Where did all this partitions on the SD card come from? I got the similar layout on my SD card after taking the MMC dump by using dd.
Did you try to boot from this SD card by changing a “root” value of the “bootargs” variable in UBBoot?


That’s exactly what I mean :slight_smile:


Finally, I was able to stop booting. But I had to give a resistor on I_emmc_debug then idrac starts.

I have motherboard R320.

There is an unprotect all command in the idrac7 console but that doesn’t seem to help. As for the discrepancy in the RC value you pretty much hit the nail on the head. I don’t have the internal documentation for any of this and am just gathering information and results hoping for an epiphany over time.

I’ve been inactive on this for the last week in part because there are two distinct motherboards I have failures on (both failed with the same updates but in different methods of delivery). In any case the one I’m working on now I’ve gleaned from other articles that I may be able to update the surrounding firmware packages and because I can get into the bios firmware recovery screen I’m exhausting that avenue before going farther.

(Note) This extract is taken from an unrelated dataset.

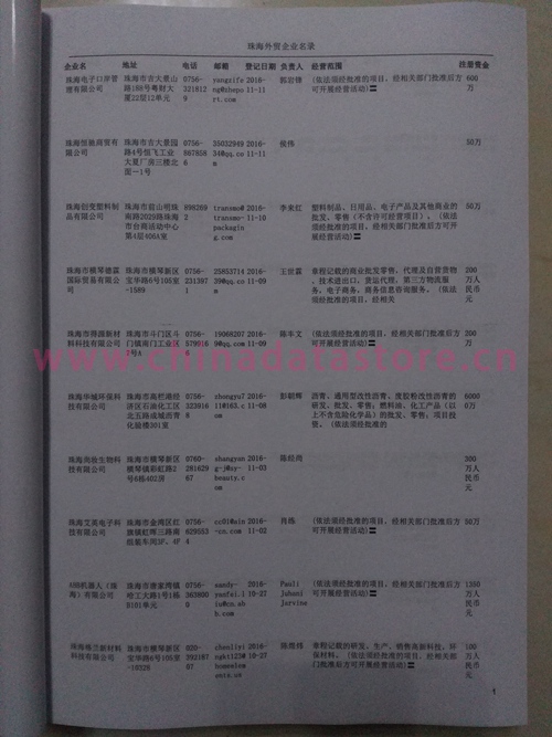 珠海外貿(mào)企業(yè)黃頁包括:外貿(mào)企業(yè)名稱、地址、電話、傳真、郵箱、經(jīng)營(yíng)范圍、注冊(cè)資金等信息。

I also just received another working r420 yesterday. I’m going to use that to observe a working system without updates, and then swap the motherboard out with the new one and work on recovering the one that won’t even let me into bios.


Finally, I have my jatagulator but I’m waiting for my buspirate before trying to get into the emmc debug port since I haven’t found any good information on that.

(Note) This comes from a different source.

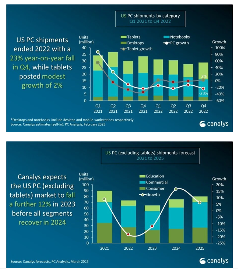 原標(biāo)題:Canalys 報(bào)告:2022 年第 4 季度美國(guó) PC 出貨量下降 23%,平板增長(zhǎng) 2%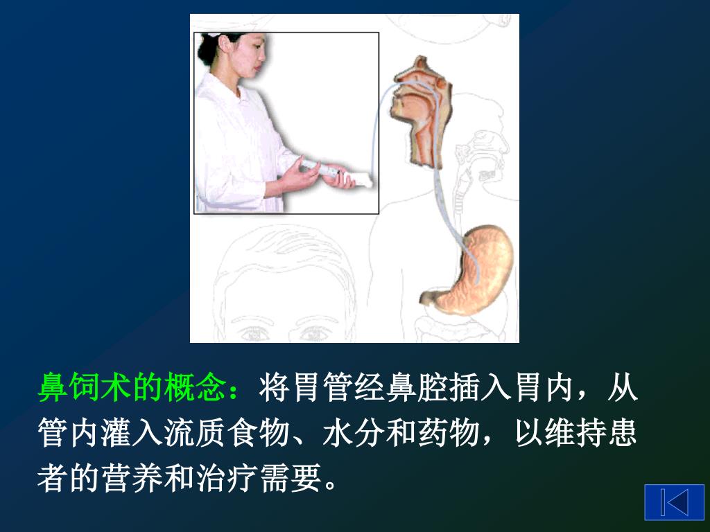 鼻饲术的概念:将胃管经鼻腔插入胃内,从管内灌入流质食物、水分和药物,以维持患者的营养和治疗需要。鼻饲术的概念:将胃管经鼻腔插入胃内,从管内灌入流质食物、水分和药物,以维持患者的营养和治疗需要。

In looking at the link I should clarify that I can rewrite the uspi bios all day long with minimal (clip related) issues. It helped immeasurably by ordering a good wire wrap 3M clip, rather than using the cheap black clip that came with my programmer. I had to press that hard straight down to get it to bite, where this new 3m clip requires little or no jiggling to get it in the right contacts to read and write the bios.

I’m convinced it’s the EMMC image that’s out of sync with the uboot in the bios chip. I do boot up and see the settings (stored in the bios chip) are specifically for version 1.66.65 bios and I’m reasonably sure the issue originally happened trying to flash a newer LC integrated bios to the on board flash chip. And the final question I didn’t answer yet, now I didn’t use a ASProgrammer but the ch341a gold programmer seems to be working well enough for the uboot images (of which I have about 6 now).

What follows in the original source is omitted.